Have you ever heard African Americans talk about having “the talk” with their teenage sons? It’s not a talk about sex. It’s about how to act around the police, especially if you are stopped for anything on the street or in your car. It’s not the kind of “talk” any White parents have to have with their teenage sons, is it? Within the past year our news media have been inundated by stories of police shootings of African American men. One of them was video recorded by the man’s girlfriend. Apparently he had done all that he had learned in “the talk,” yet when he reached for his wallet to get his license, the officer shot him fearing that he was reaching for a gun. A few months later a white mother of an adopted African American son told me of calling him after this incident to warn him to keep his license and other identifying papers on the dashboard when he was driving. He said that he had been doing this for some time. When we listen to such stories, we get some sense of what our Black brothers and sisters are dealing with. We begin to care more about their lives. As more and more of our fellow citizens have similar experiences and grow in such care the racial bias that is buried deeply in all of us will be transformed. This is grace in action. This is what can happen during our volunteer work in IVC, if we remain open to it.

 

Fr. Bill Barry, SJ is a Spiritual Reflector for IVC New England.  He entered the Society of Jesus in 1950 and was ordained in 1962. He earned a Ph.D. in clinical psychology from the University of Michigan in 1968. He has taught at the University of Michigan, Weston Jesuit School of Theology, and Boston College.

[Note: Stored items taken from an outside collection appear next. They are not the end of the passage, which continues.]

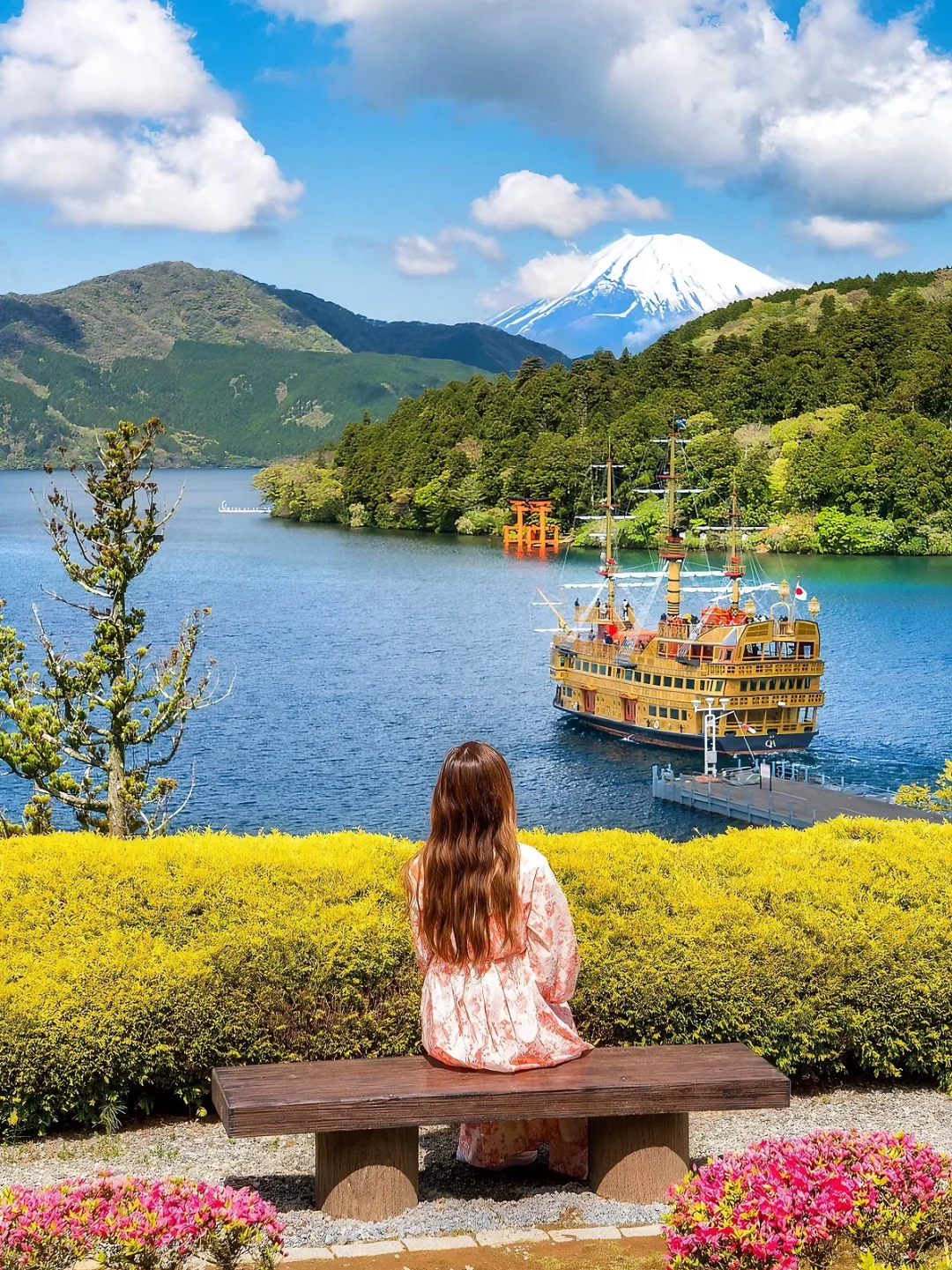 从“箱根汤本(はこねゆもと)站”搭乘往“箱根町港(はこねまちこう)方向”的箱根登山巴士,于“元箱根港”下车(约35分),步行即可抵达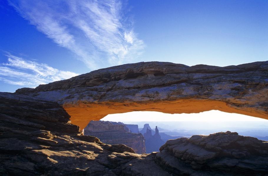 Skalní útvar Landscape Arch v utažském parku Arches měří 91 metrů a patří mezi největší přírodní mosty na planetě. Jedinečné přírodní skulptury z rudého a nazlátlého pískovce jsou výsledkem milionů let eroze, která z původně jednolitého skalního podloží vytvořila kamenné klenby.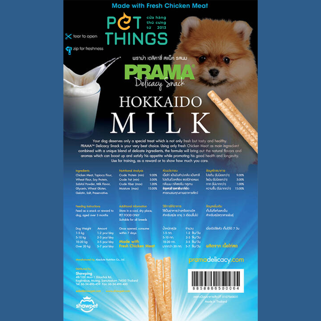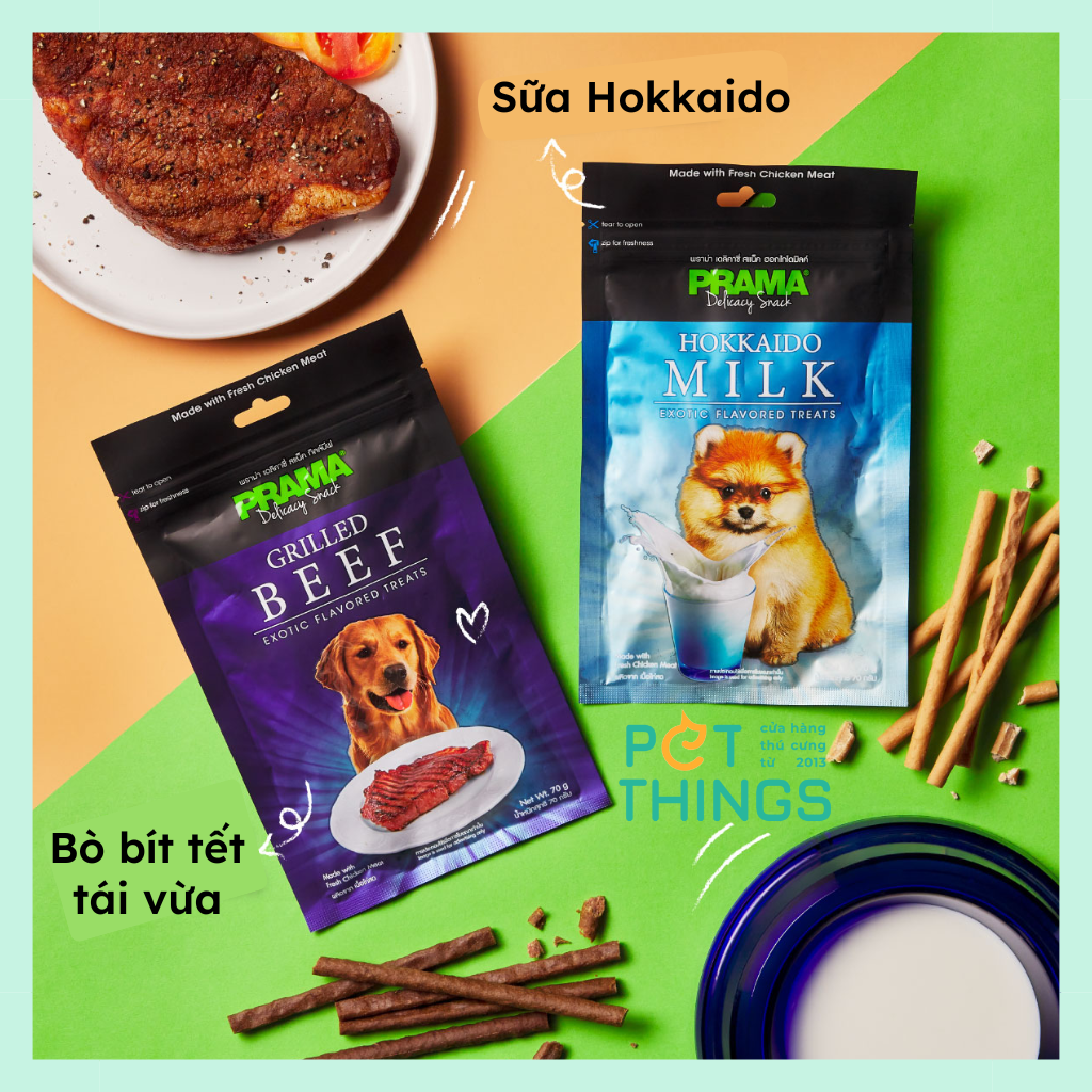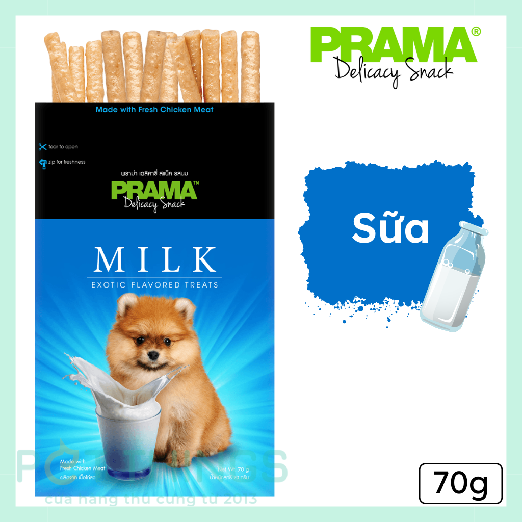 - Prama Classic với nhiều hương vị độc đáo mà PRAMA đã tuyển chọn từ các món ăn khắp nơi trên thế giới. Được chế biến đặc biệt cho chú chó yêu quý của bạn, bao gồm Thịt xông khói, Thịt bò nướng, Gan gà, Sữa Hokkaido, Xúc xích Ý và Cá hồi Đại Tây Dương.

Bill is the author or co-author of 20 books, including The Practice of Spiritual Direction, God and You, Finding God in All Things, Spiritual Direction and the Encounter with God, Who Do You Say I Am?, Contemplatives in Action, and A Friendship like No Other. For more on his writing please visit Loyola Press.

2 Responses to “October”

  1. Judy Bond

    This blog post makes me only more aware of how much work I need to do to see my own “white privilege” as I “walk” through each and every day. It isn’t easy to see the subtlety every day when it has become so normalized. Thank you.

    Reply
  2. Susan McGowan

    And here in Chicago, the problem is even more complicated by the fact that so many police officers, too, are African-American. Because I’m not African-American, I have to stand in humble respect before conversations and stories that have not been a part of my life or the lives of my children. For anything that Bryan Stevenson and others are willing to share about this, I pray for the grace to learn and take to heart.